Risultati immagini per Trump vuole comprare la groenlandia groenlandia(Foto tratta da tpi.it)

Come non reputare la proposta politica di un Presidente statunitense idiosincratica vale a dire il desiderio di acquistare la Groenlandia, lembo territoriale appartenente attualmente al Regno di Danimarca, Stato sovrano e indipendente. Trump si è rivolto ai suoi consiglieri giuridici affinché esaminassero la procedura giuridica della questione, non rendendosi conto che comprare e vendere un pezzo di territorio è davvero impensabile e impraticabile sia sul piano giuridico che politico.

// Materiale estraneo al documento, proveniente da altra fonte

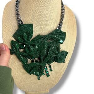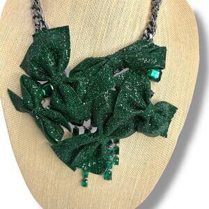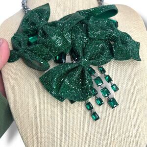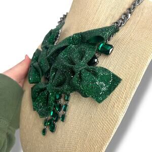 NEW Betsey Johnson Pave Bow Necklace Green Glitter Bows Dangle Choker Statement
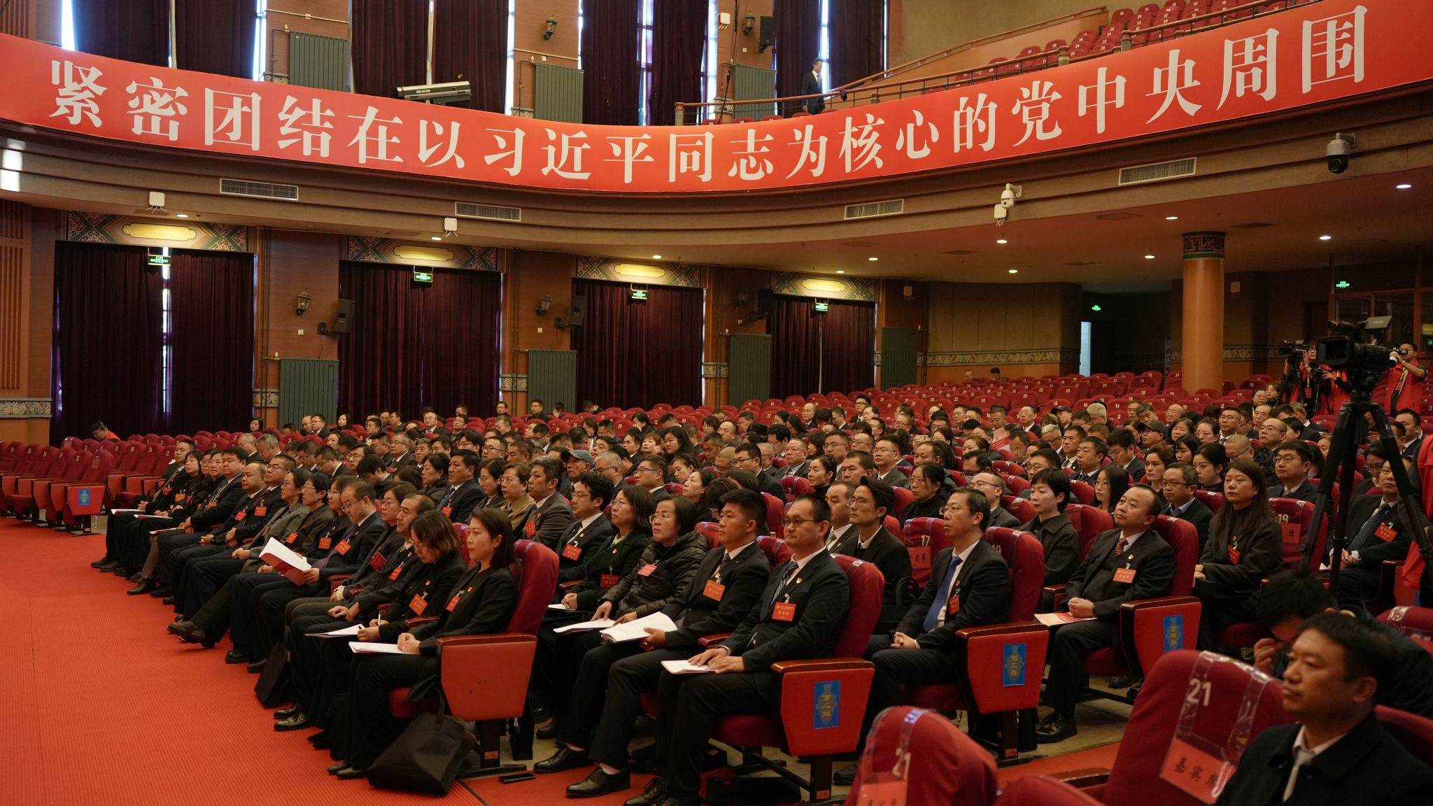 会场内气氛庄严热烈,主席台上方悬挂着“中国共产党红黑游戏
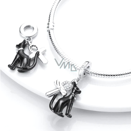Charm Sterlingové stříbro 925 Černá egyptská kočka a ankh kouzlo, přívěsek na náramek symbol
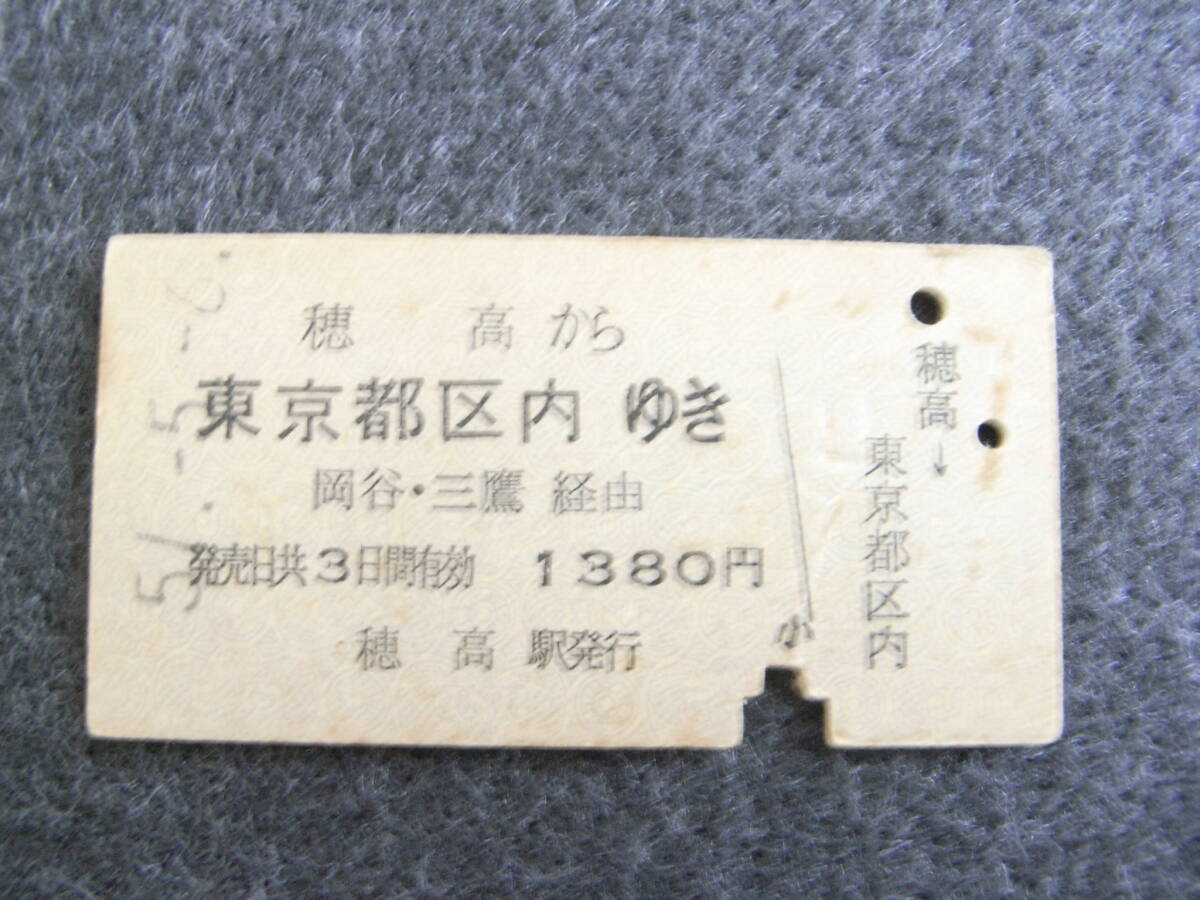 大糸線 穂高から東京都区内ゆき 岡谷・三鷹経由 1380円 昭和51年5月6日 穂高駅発行 国鉄

 Tuttavia, non bisogna farne una colpa sebbene la bramosia dello stesso Trump per avere un ampio accesso e controllo sulla Groenlandia non è del tutto inconcepibile

Il desiderio di Trump di un maggiore accesso e controllo sulla Groenlandia non è del tutto assurdo per la mera ragione che l’isola, che fa parte dell’America del nord geograficamente, sia ricca di risorse minerali e naturali. Non solo, ma l’accostamento di questa importante isola sia alla Federazione russa, sia alla regione artica, la rende una fonte strategica per la messa in opera di strutture militari e di intelligence. Per tale ragione, gli statunitensi hanno mantenuto una presenza costante militare nella base aerea di Thule già dalla seconda Guerra Mondiale, in concerto con l’Alleanza atlantica e l’assenso del governo danese e, successivamente, della stessa Groenlandia. Altro aspetto della posizione di Trump è l’intenzione di aprire una sede diplomatica in loco.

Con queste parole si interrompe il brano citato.